# Moving to Mexico



## gleeruss (Sep 3, 2012)

My partner and I live in New York City and have traveled to Mexico for years and will move to Xalapa, Veracruz in about three years. We're investigating (constantly) health insurance issues, immigration requirements, vehicle purchase/insurance and a host of other issues. We'll be posting questions hoping for ideas/suggestions from those already in Mexico.


----------



## FHBOY (Jun 15, 2010)

gleeruss said:


> My partner and I live in New York City and have traveled to Mexico for years and will move to Xalapa, Veracruz in about three years. We're investigating (constantly) health insurance issues, immigration requirements, vehicle purchase/insurance and a host of other issues. We'll be posting questions hoping for ideas/suggestions from those already in Mexico.


WELCOME - you'll find plenty of info here. Use the SEARCH function to start your search. If you cannot find answers there, then go ahead and ask.

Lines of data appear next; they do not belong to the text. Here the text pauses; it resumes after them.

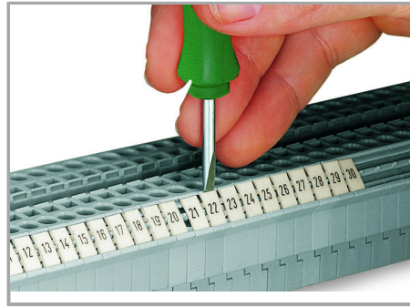
Snapping a marking strip into the marker slot.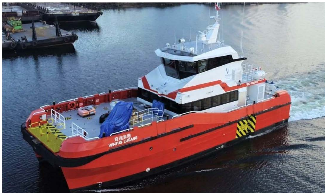
Figure 2-5 : Photo of Ventus Lugang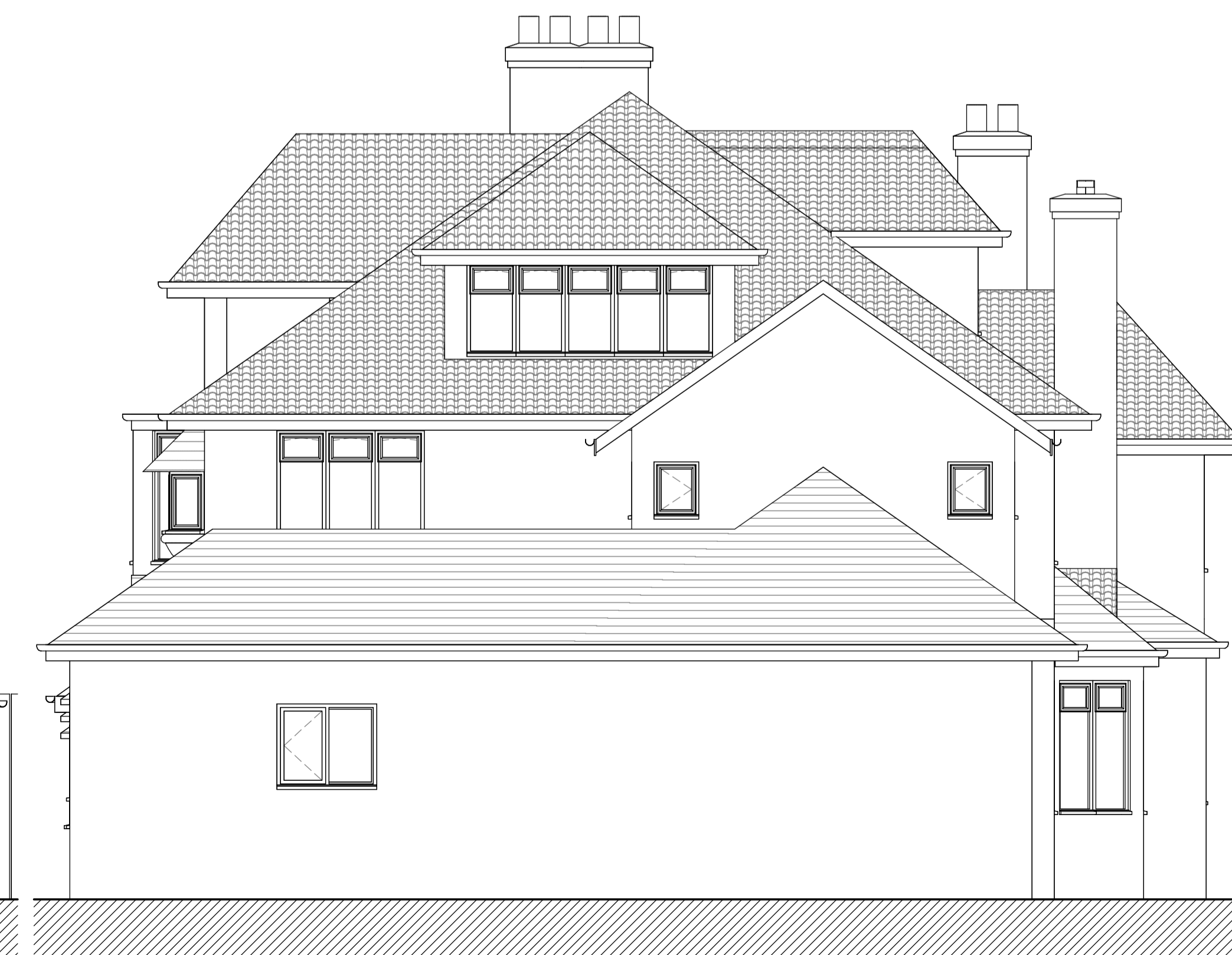
Side Elevation II 1:50

A question for you: Why are you choosing Xalapa and how long have you spent there and for what reason? The purpose of this question will become apparent after you read more on this Forum.

Glad you're here - what part of the city?


----------



## gleeruss (Sep 3, 2012)

FHBOY said:


> WELCOME - you'll find plenty of info here. Use the SEARCH function to start your search. If you cannot find answers there, then go ahead and ask.
> 
> A question for you: Why are you choosing Xalapa and how long have you spent there and for what reason? The purpose of this question will become apparent after you read more on this Forum.
> 
> Glad you're here - what part of the city?


We have Mexican friends in Xalapa and have spent several weeks each year there. We like the "feel" of the place and the fact that it is a university town. It is close enough to the coast but high enough for a less tropical climate. Culture is important - the museums, the orchestra and other sites are attractive. We have already met other expatriates and friends of our Mexican "family". We don't want to be in an expatriate enclave.


----------



## Anonimo (Apr 8, 2012)

I guess that you already know about the famed "chipi-chipi", or fine drizzling rain of the Xalapa area.


----------



## joaquinx (Jul 3, 2010)

gleeruss said:


> We have Mexican friends in Xalapa and have spent several weeks each year there. We like the "feel" of the place and the fact that it is a university town. It is close enough to the coast but high enough for a less tropical climate. Culture is important - the museums, the orchestra and other sites are attractive. We have already met other expatriates and friends of our Mexican "family". We don't want to be in an expatriate enclave.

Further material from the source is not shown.